Goal of the exercise: Could you print the stretch of lines below from the one with "Цена евро выросла, и" through the one with "12月12日,未来技术学院党", exactly as they stand and without any pictures?
-------------------------
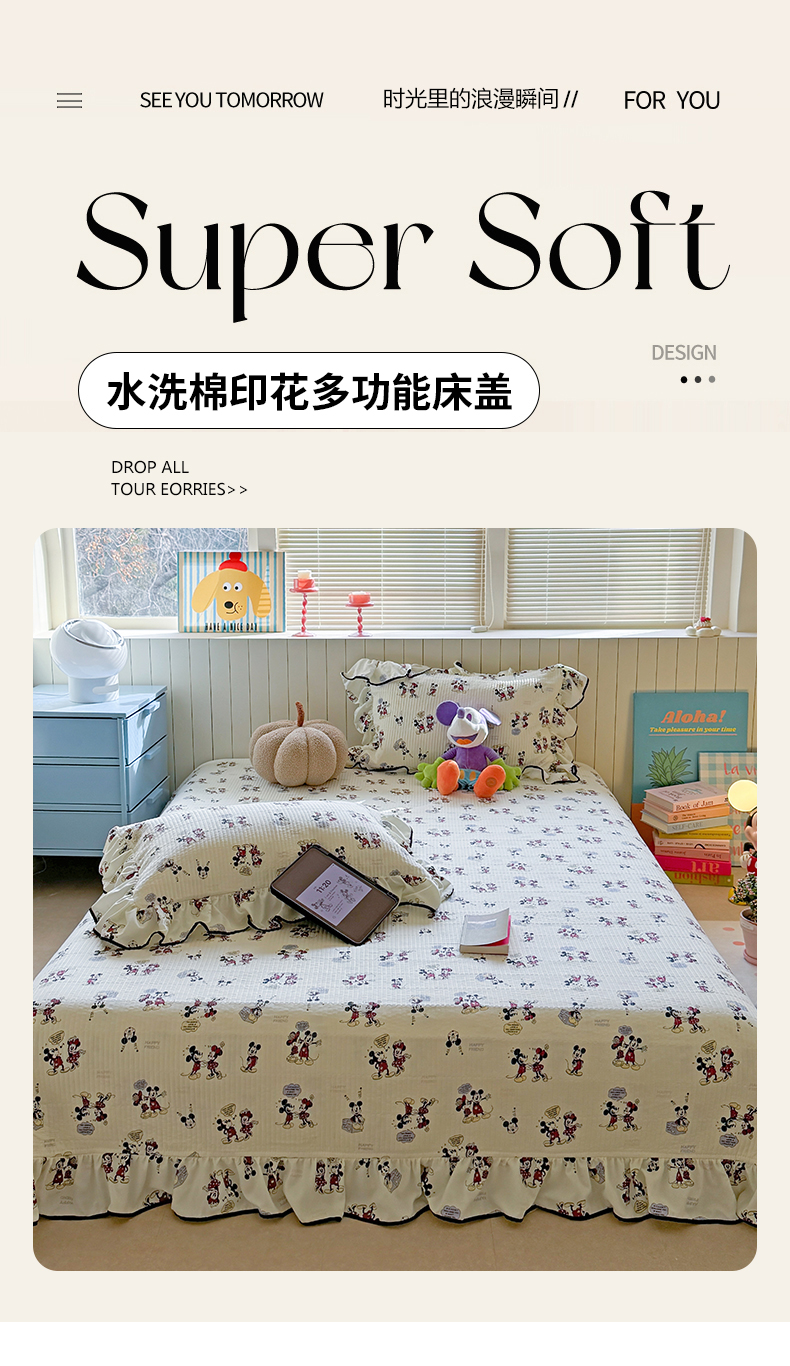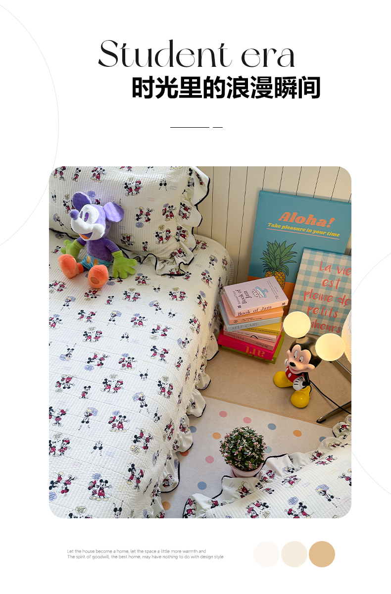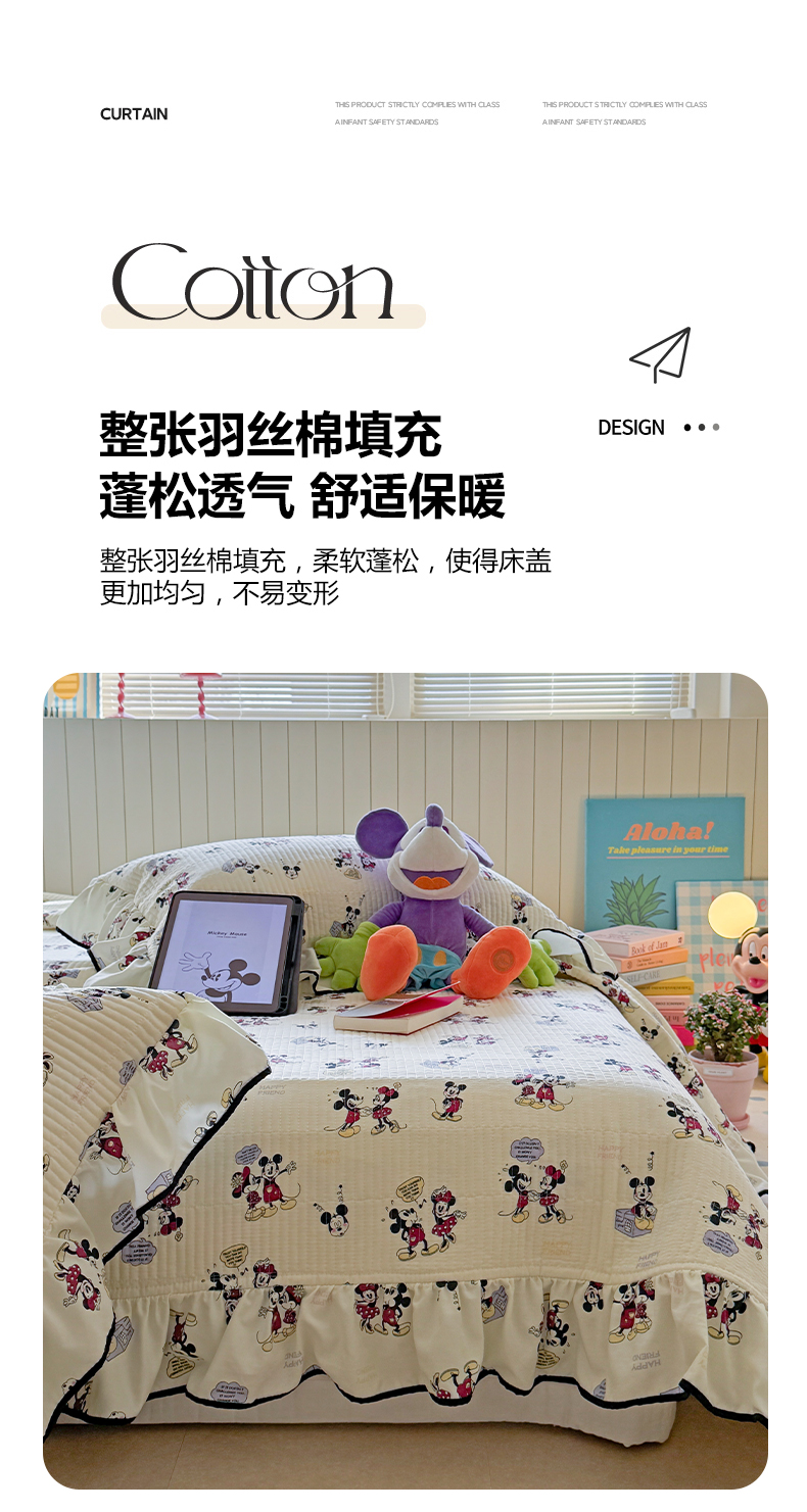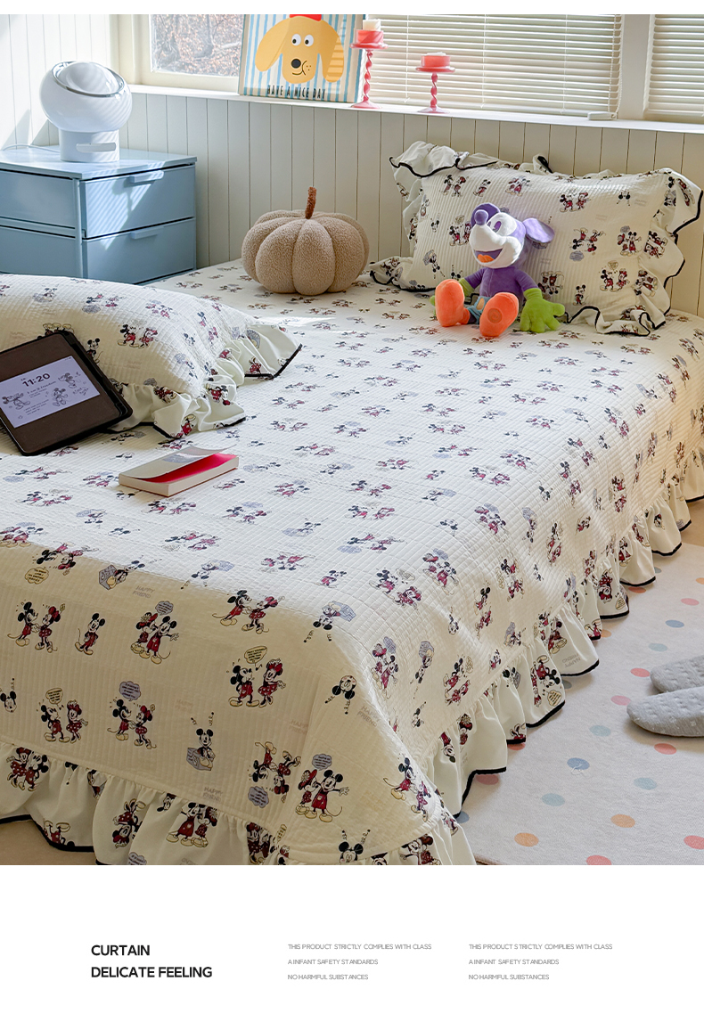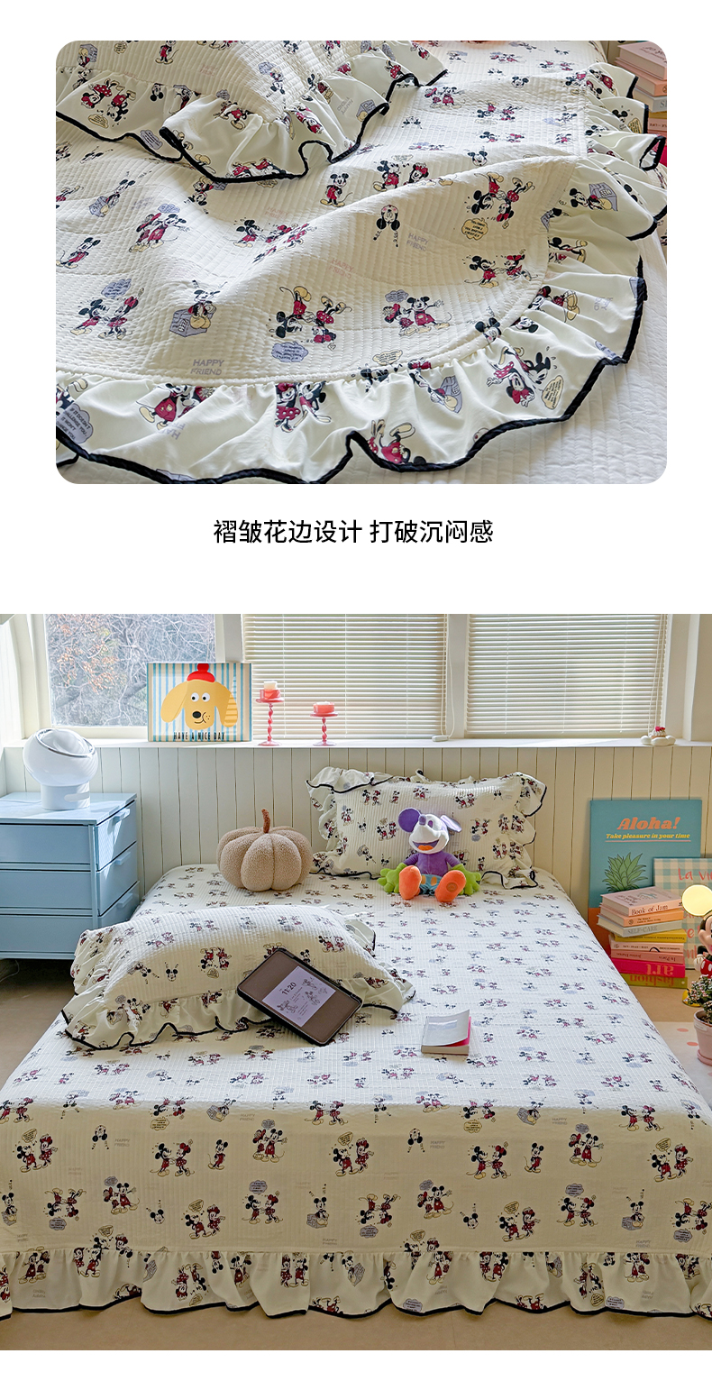 繁花家居 2025新款韩式大花边夹棉床盖系列 可爱鼠宝
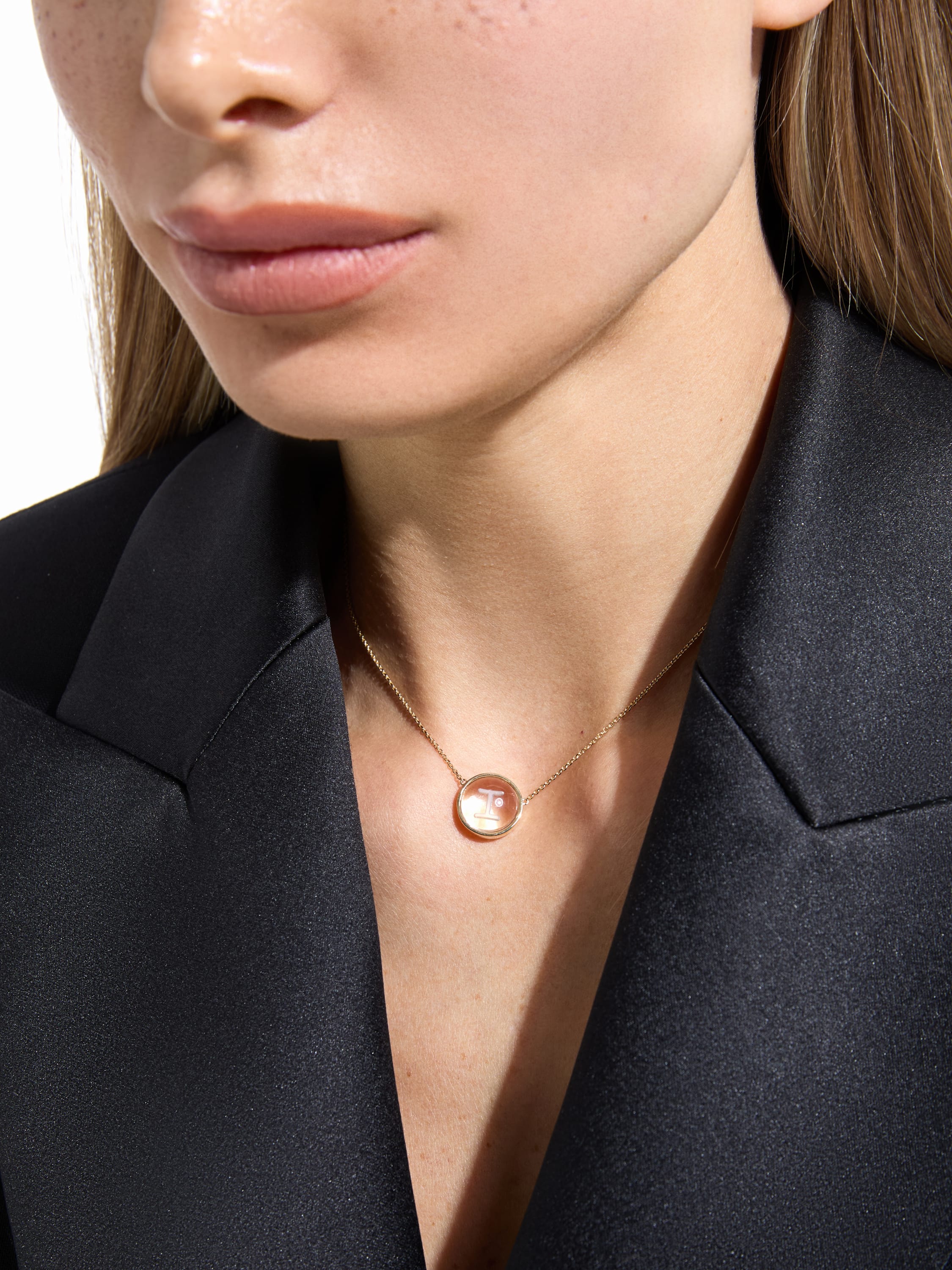 Yellow gold necklace with letter I pendant and rock crystal
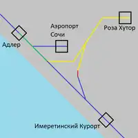 - Адлер — направления Сочи (DC) — Имеретинский курорт (DC)/Роза Хутор (AC). Также в границах узла треугольника нейтральная вставка находится в кривой на Розу Хутор со стороны Имеретинского курорта.
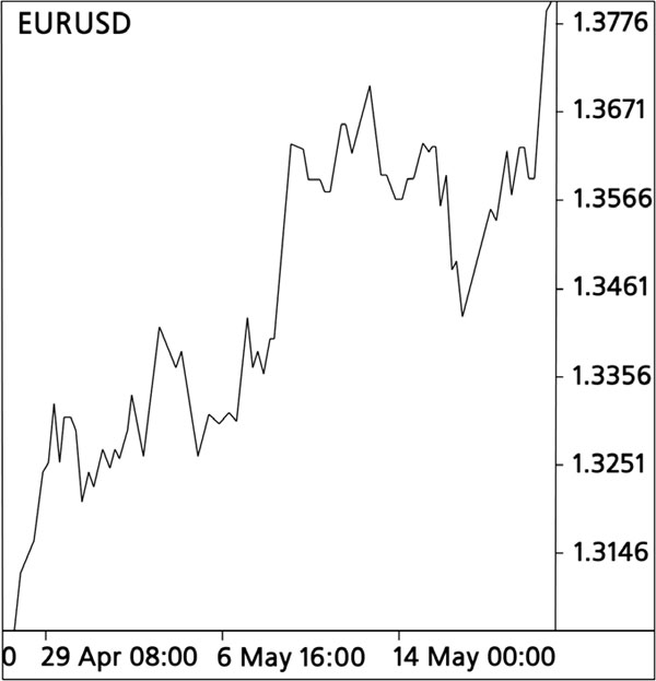 Цена евро выросла, и в середине мая от торговой системы поступил сигнал на закрытие (close) этой сделки (позиции). Трейдер продаёт (sell) купленные в конце апреля евро по более высокой цене, а именно по 1,3650 долларов за 1 евро (цена bid), тем самым фиксируя прибыль. Момент закрытия сделки указан на графике галочкой.
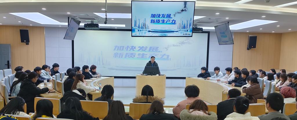 12月12日,未来技术学院党总支副书记张伟伟在A502作“加快发展新质生产力”形势与政策专题报告,未来技术学院23级团学干部和24级递交入党申请书的团员参加报告会。
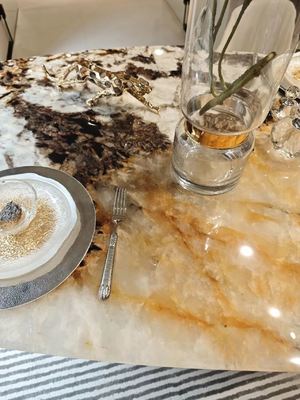 Artisan Excellence: Precision-cut and meticulously polished, the tabletop boasts a mirror-smooth surface with seamlessly refined edges. Each touch delivers a luxurious sensory experience, showcasing the pinnacle of craftsmanship.
-------------------------
Solution to this exercise:
 Цена евро выросла, и в середине мая от торговой системы поступил сигнал на закрытие (close) этой сделки (позиции). Трейдер продаёт (sell) купленные в конце апреля евро по более высокой цене, а именно по 1,3650 долларов за 1 евро (цена bid), тем самым фиксируя прибыль. Момент закрытия сделки указан на графике галочкой.
 12月12日,未来技术学院党总支副书记张伟伟在A502作“加快发展新质生产力”形势与政策专题报告,未来技术学院23级团学干部和24级递交入党申请书的团员参加报告会。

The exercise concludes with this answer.